I scoffed. “I’ve known I was dreaming for years. There’s barely been a time when Robin didn’t know it. We’re both still here. And-” I yanked the handcuff against the bar so that it rattled, loud and sudden. “I think you’re in no position to be making moral lectures.”
“Focus, Hexel. You think they killed him?”
“Of course. I think he was lured somewhere with the promise of Jabberwock—no, not the promise. The reality, if it was in his system. And then they killed him to send a message to Drakon.”
“How?”
“I don’t know.”
“There is a lot you don’t seem to know, for an investigator. Is Drakon paying you?”
“Nobody’s paying me at the moment—and I’m burning through my money. If I’m going to work with you, I might need a retainer for services rendered, past and present. I know you can afford it.”
He drummed his fingers on the table. “And here I’d thought you came to me begging for help. The answer to that is ‘no’, by the way. What aren’t you telling me? How did you find Robin when so many others were looking for her? You are not the smartest nor the best-resourced out there—why you? What happened last night that I don’t yet know?”
“Well, if I’m not smart and I’m not rich, I must have found Robin cause of my pretty face.”
He shifted his hand forward, still tapping his fingers. Up and down, up and down, beginning to brush against my wrist when they hit the table, brief flickers of hurt that presaged what more he could be doing. “Come on, Hexel.”
I kept my face as impassive as I could manage. “Two-faced rat.”
“With my name, ‘vulture’ might be more accurate.” He shrugged. “I could ask Robin. She has no reason to hide anything from me.”

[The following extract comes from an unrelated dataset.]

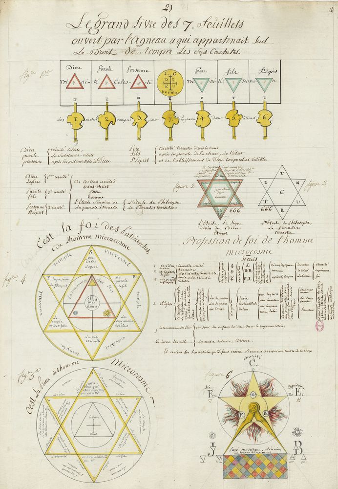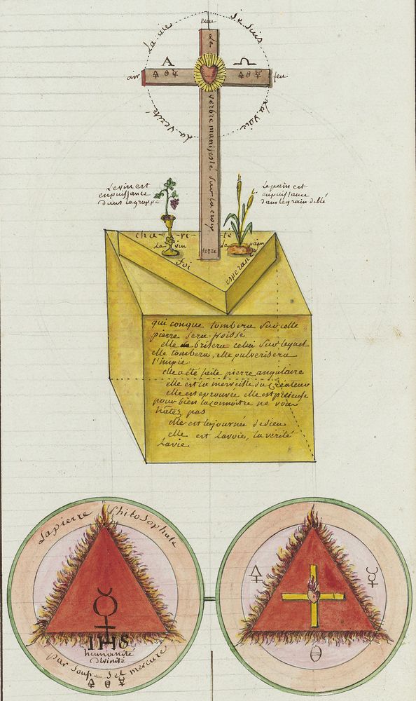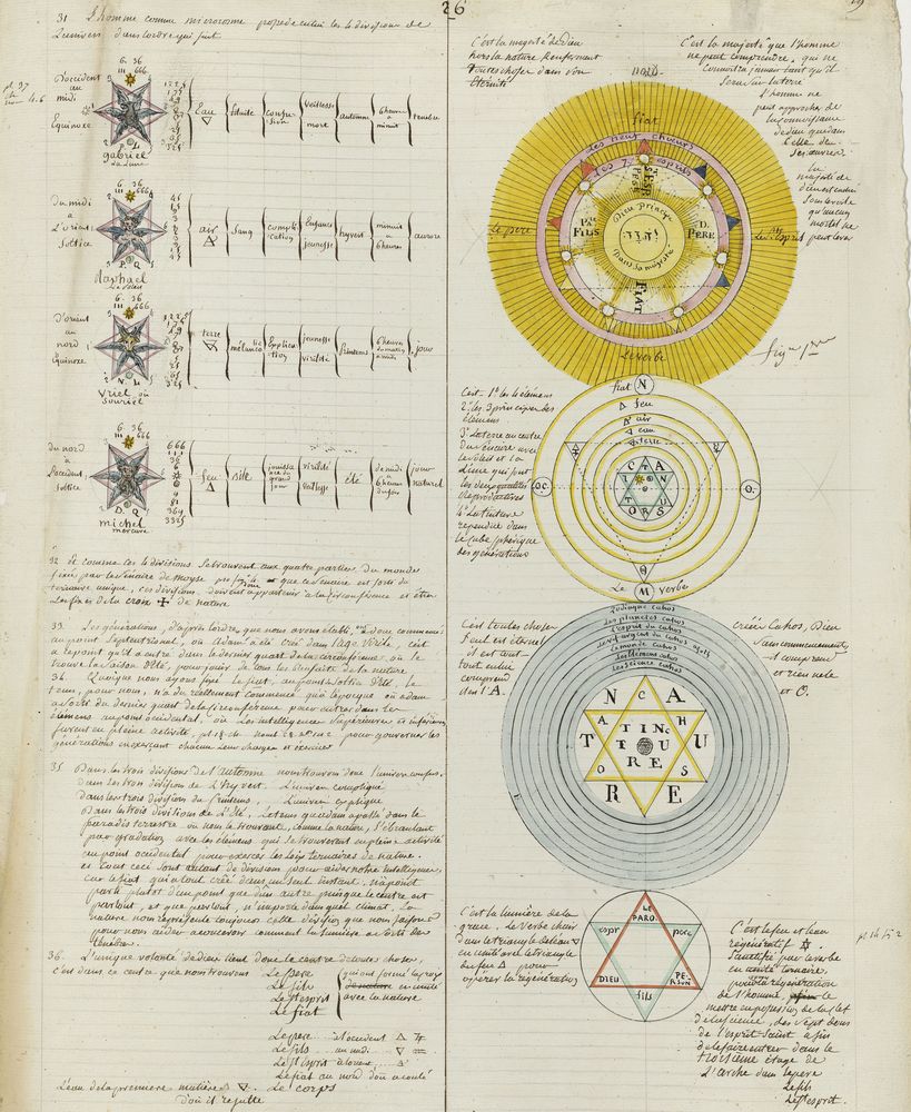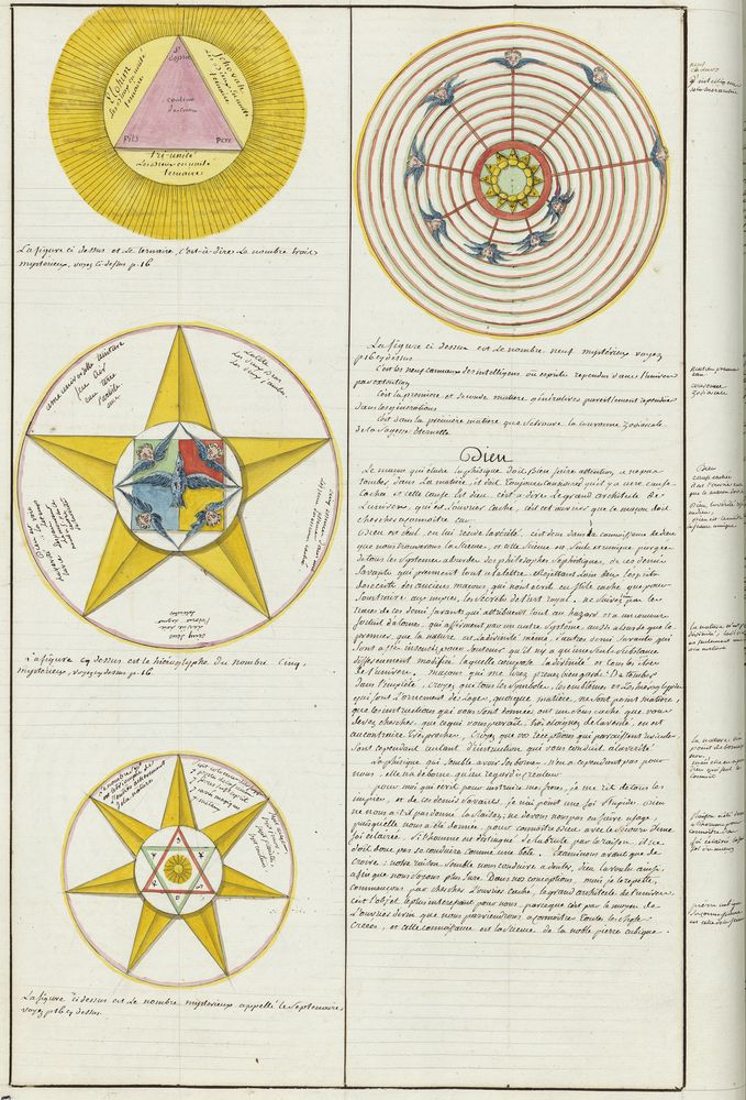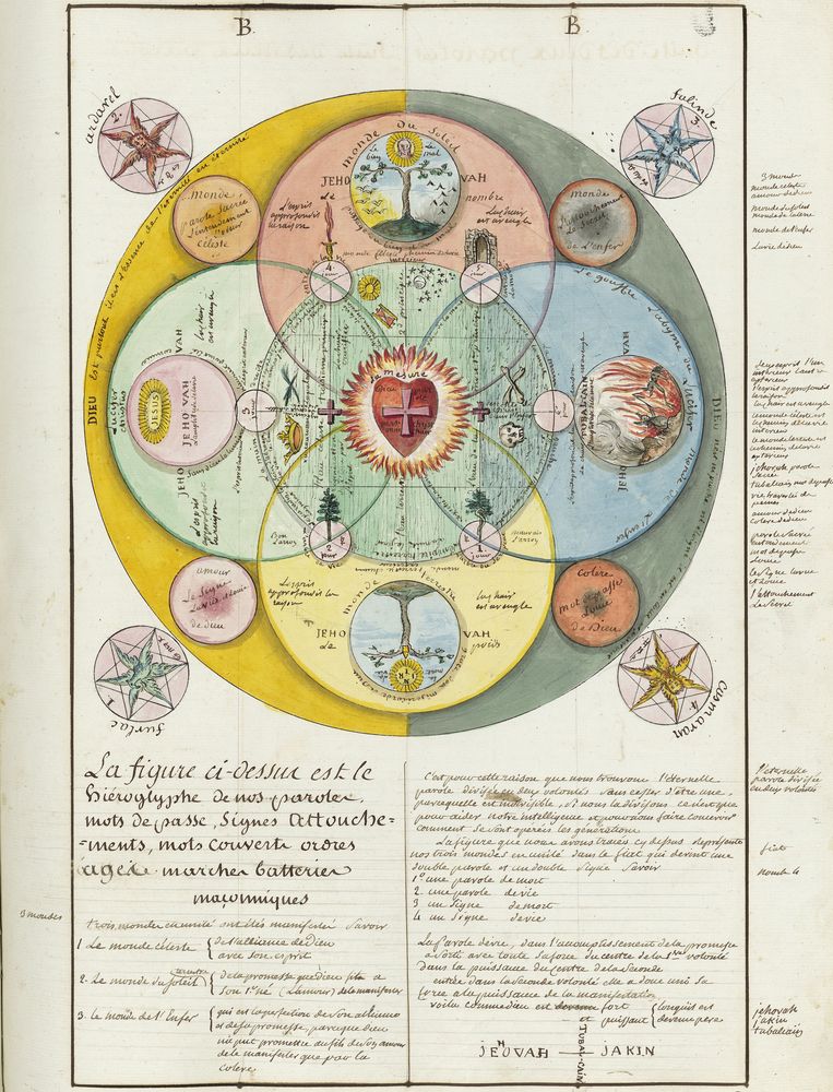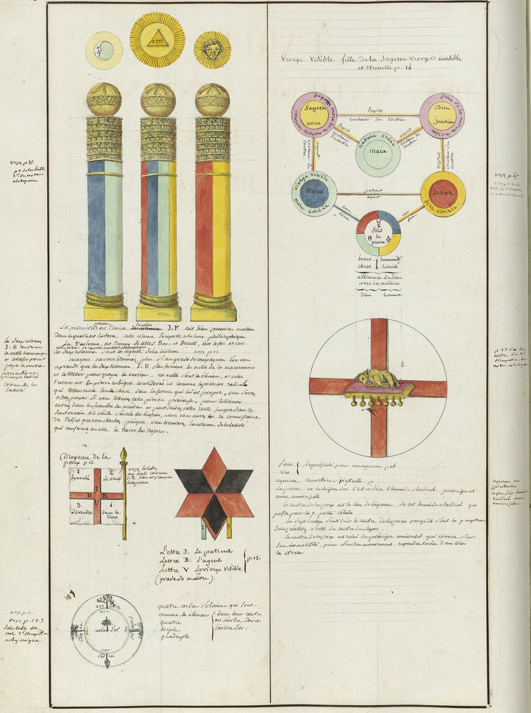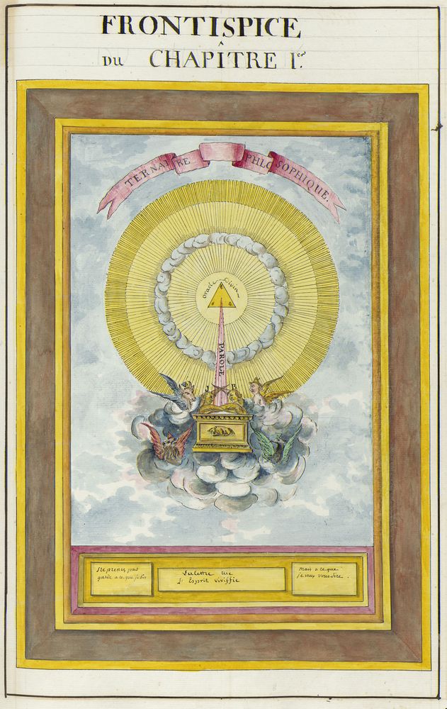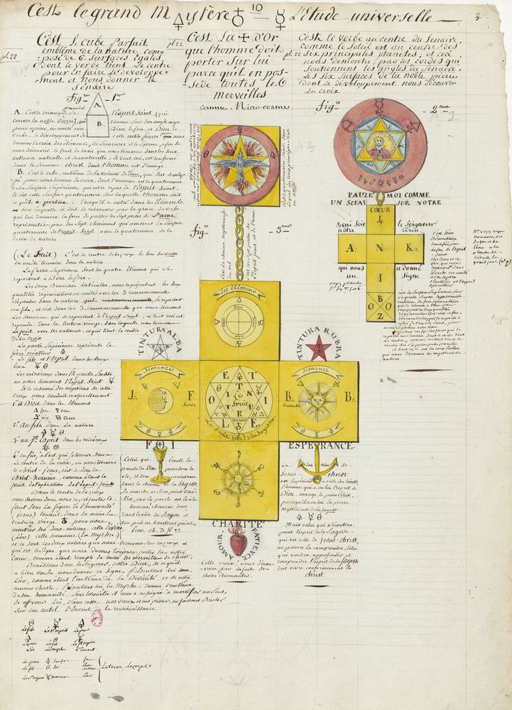 ► Ce manuscrit en trois parties et deux livres est issu d’une maçonnerie chrétienne. Il est comparable à l’Œuvre magico-cabbalistique et théosophique et surtout aux Figures secrètes de la Rose-Croix des XVIe et XVIIe siècles auxquels il emprunte certaines illustrations. Il s’agit certainement de l’un des plus beaux manuscrits ésotériques français où le texte est au service des images.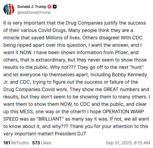 I love how the most powerful man in the world is just an interested bystander when it comes to pharma in general and vaccines specifically. The idea that HE, the President, couldn’t just share what the companies supposedly showed him is laughable. He shares state secrets regularly, but can’t be bothered to share the data that Pfizer has shown him? I mean, I understand that this is for the idiots who support him. The nut bags who want to take his greatest achievement (Warp Speed) away from him. And sadly, he does have to give it up. I wonder how much it hurts for him to have to give the thing that even Democrats give him lots of credit for?

“You could,” I said. “But you won’t. You haven’t. And if you started asking her questions, how long would it be until you tried this little routine with her? How long would it be before you’d be no different than Drakon, dragging whatever you wanted to hear out of a child because of what she knew. Pretend all you want, Conjager, dress it up in fancy words and high philosophy, but you know it as well as I do. That’s why you didn’t bring here in the first place, isn’t it? Why you didn’t ask the questions together? You needed Robin to keep that picture-perfect image of you.”
“Now who’s guessing at high principles?”
“Let me go,” I said. “We’re done here.”
He was silent for a moment. Then he reached towards me—and I flinched away, just a little bit—and unlocked the handcuffs with a rusty key. “Isn’t it nice that we’re on the same page now?” he said. “I’ll keep your secrets, now I know what most of them are. But in return, you’re going to help me. We’re going to go on a little trip tonight—to the Jabberwock warehouses, where their shipping’s coming in. See what we can learn."